[Data for the task]:

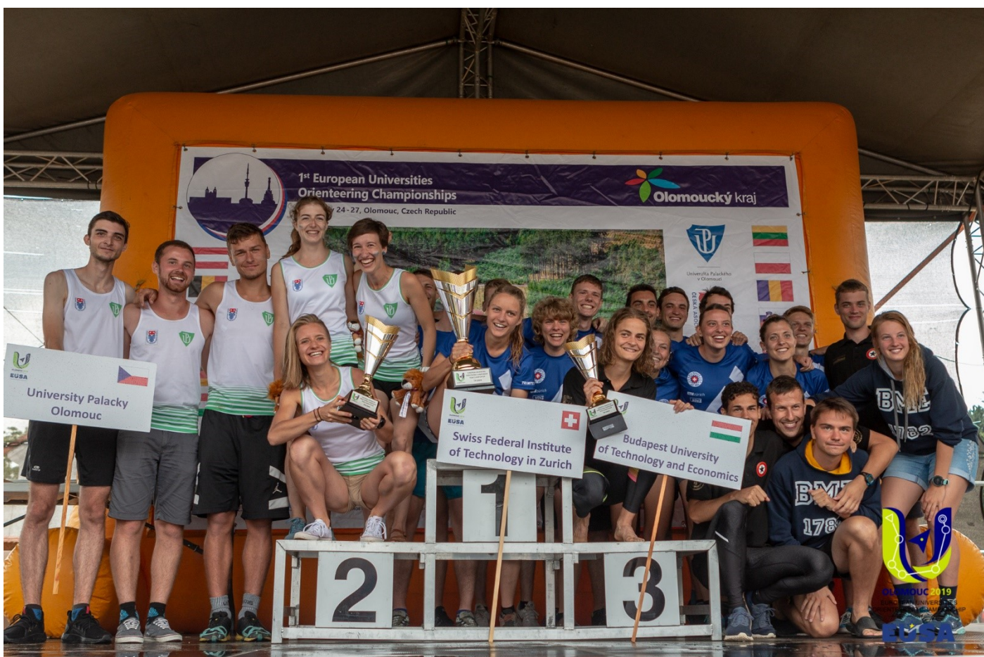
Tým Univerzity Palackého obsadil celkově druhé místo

--

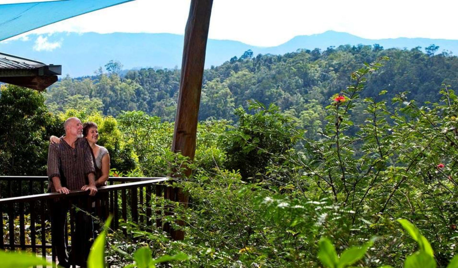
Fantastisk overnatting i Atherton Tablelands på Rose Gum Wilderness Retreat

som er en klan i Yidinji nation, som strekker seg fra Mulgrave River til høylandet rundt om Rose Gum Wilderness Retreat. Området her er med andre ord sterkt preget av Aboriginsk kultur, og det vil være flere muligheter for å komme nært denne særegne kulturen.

[Aim of the exercise]: When the line with "Fantastisk overnatting i" is reached in the data above, start copying there, and copy each line exactly until the line with "som er en klan" has been copied; copy nothing else.

[Completed task]:
Fantastisk overnatting i Atherton Tablelands på Rose Gum Wilderness Retreat

som er en klan i Yidinji nation, som strekker seg fra Mulgrave River til høylandet rundt om Rose Gum Wilderness Retreat. Området her er med andre ord sterkt preget av Aboriginsk kultur, og det vil være flere muligheter for å komme nært denne særegne kulturen.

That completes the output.